## Data extract

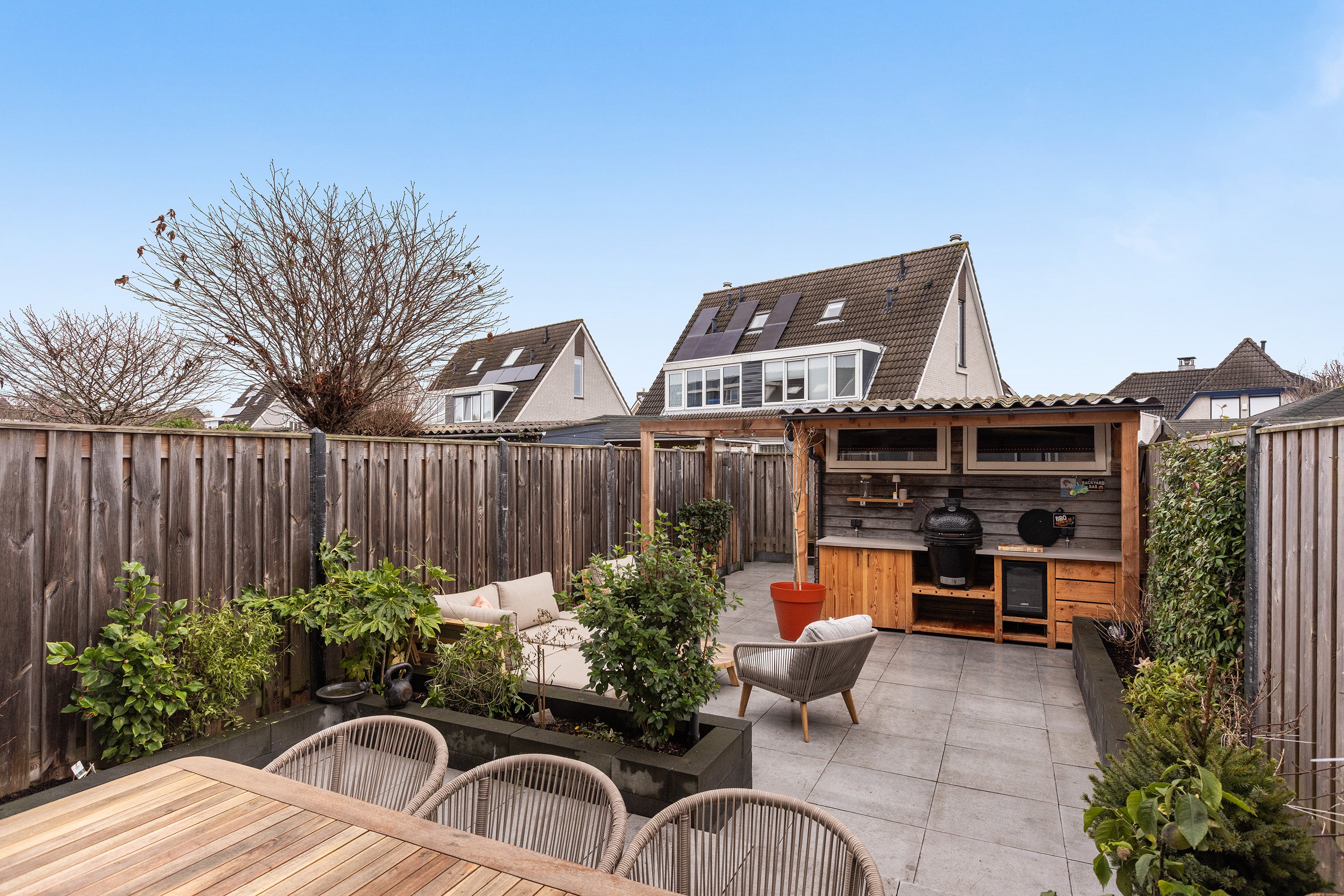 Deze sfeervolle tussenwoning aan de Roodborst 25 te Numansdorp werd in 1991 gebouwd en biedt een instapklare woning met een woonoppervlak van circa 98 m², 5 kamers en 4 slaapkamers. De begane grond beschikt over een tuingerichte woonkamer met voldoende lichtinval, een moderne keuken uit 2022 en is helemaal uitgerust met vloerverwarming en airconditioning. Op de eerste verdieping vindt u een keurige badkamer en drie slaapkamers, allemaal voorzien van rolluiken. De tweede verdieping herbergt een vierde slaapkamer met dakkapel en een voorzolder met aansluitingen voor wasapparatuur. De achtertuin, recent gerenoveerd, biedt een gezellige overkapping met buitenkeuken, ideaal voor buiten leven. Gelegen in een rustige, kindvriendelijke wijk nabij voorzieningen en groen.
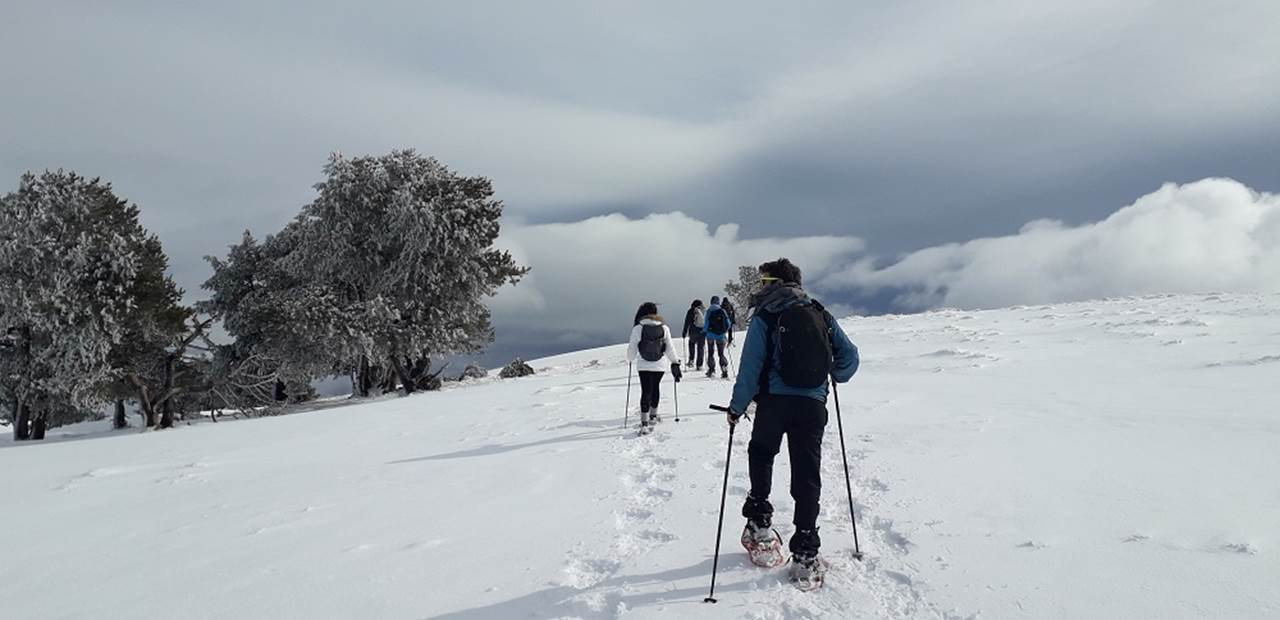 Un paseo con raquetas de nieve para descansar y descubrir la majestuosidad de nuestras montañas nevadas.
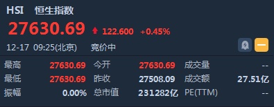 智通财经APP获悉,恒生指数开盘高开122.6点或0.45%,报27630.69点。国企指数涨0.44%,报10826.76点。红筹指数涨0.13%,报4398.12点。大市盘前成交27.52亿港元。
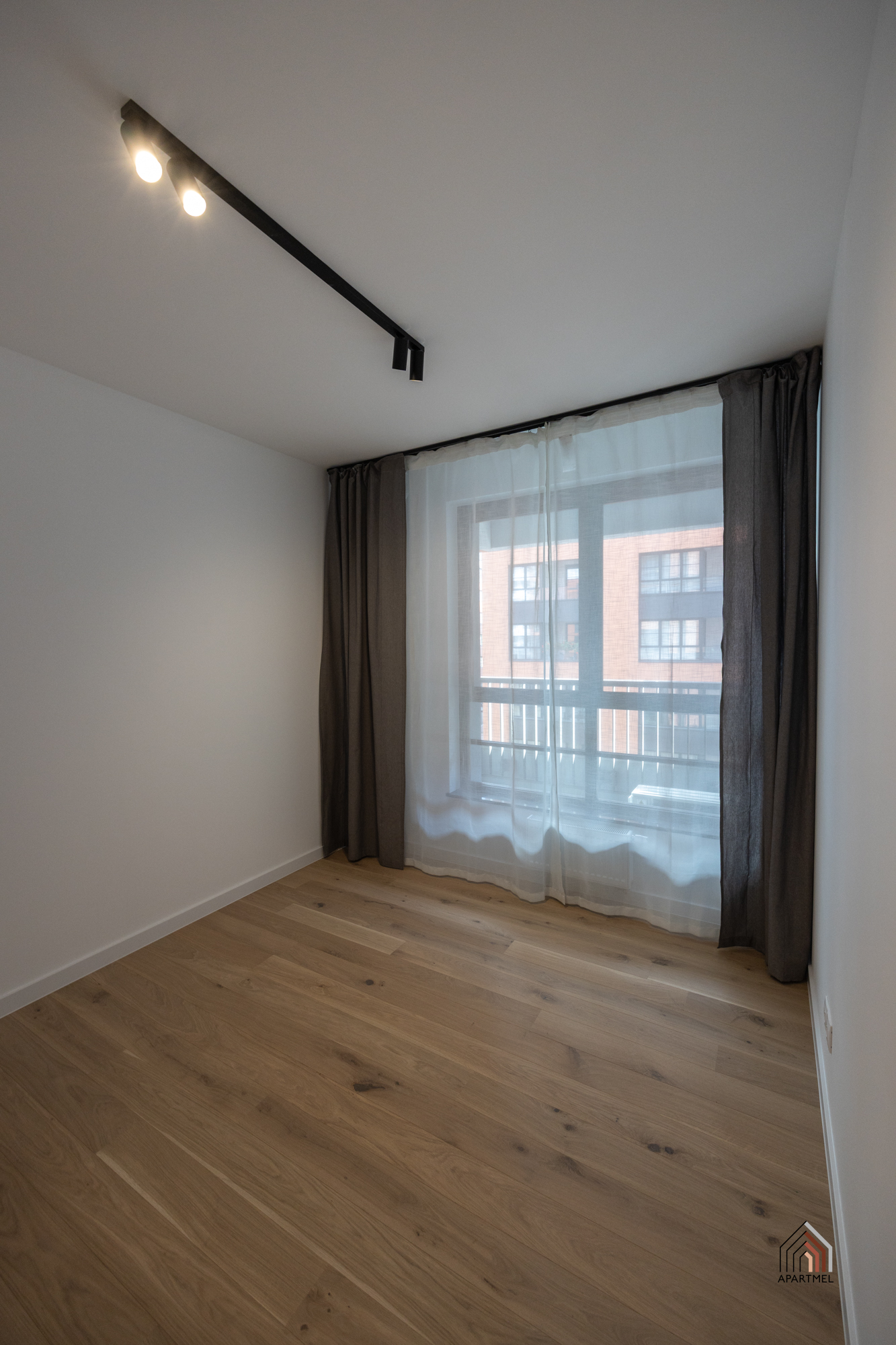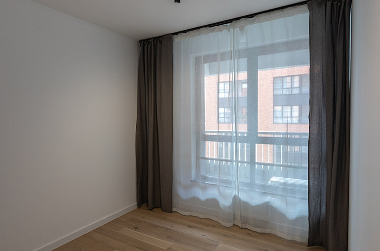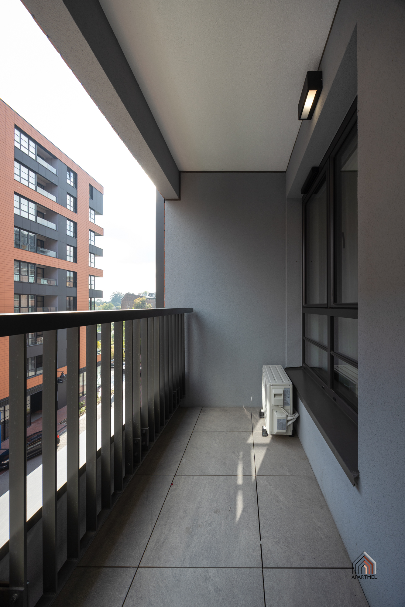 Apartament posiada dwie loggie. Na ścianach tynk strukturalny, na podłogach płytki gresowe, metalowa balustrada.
==
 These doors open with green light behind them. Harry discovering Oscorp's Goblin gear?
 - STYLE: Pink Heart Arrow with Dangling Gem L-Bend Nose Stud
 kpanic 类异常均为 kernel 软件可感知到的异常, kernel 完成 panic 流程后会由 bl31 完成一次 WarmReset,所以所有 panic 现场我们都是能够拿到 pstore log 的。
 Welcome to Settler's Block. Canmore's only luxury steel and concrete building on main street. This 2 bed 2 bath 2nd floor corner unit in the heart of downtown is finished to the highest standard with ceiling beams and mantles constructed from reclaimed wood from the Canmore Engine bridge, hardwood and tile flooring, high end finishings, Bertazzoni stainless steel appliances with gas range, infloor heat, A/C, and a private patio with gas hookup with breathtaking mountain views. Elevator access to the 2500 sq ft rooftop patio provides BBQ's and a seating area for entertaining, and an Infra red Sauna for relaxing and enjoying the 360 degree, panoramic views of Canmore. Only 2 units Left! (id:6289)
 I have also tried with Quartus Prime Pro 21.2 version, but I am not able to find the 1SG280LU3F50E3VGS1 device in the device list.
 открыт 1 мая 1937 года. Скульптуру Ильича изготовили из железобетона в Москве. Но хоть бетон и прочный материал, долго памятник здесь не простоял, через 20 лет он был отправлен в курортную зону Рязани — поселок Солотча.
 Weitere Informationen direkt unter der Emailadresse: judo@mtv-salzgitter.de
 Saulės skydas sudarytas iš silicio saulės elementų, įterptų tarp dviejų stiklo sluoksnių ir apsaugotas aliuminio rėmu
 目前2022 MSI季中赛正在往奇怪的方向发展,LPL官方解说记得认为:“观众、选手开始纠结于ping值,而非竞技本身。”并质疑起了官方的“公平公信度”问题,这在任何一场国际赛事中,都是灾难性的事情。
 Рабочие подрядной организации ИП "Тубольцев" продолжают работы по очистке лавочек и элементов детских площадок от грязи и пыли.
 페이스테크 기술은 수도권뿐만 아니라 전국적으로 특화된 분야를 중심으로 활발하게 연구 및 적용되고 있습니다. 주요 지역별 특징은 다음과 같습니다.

## Task goal
Copy exactly the part of the material above that opens with the line containing "智通财经APP获悉,恒生指数" and closes with the line containing "Apartament posiada dwie", ends included. Drop the images.

## Solution to this problem
 智通财经APP获悉,恒生指数开盘高开122.6点或0.45%,报27630.69点。国企指数涨0.44%,报10826.76点。红筹指数涨0.13%,报4398.12点。大市盘前成交27.52亿港元。
 Apartament posiada dwie loggie. Na ścianach tynk strukturalny, na podłogach płytki gresowe, metalowa balustrada.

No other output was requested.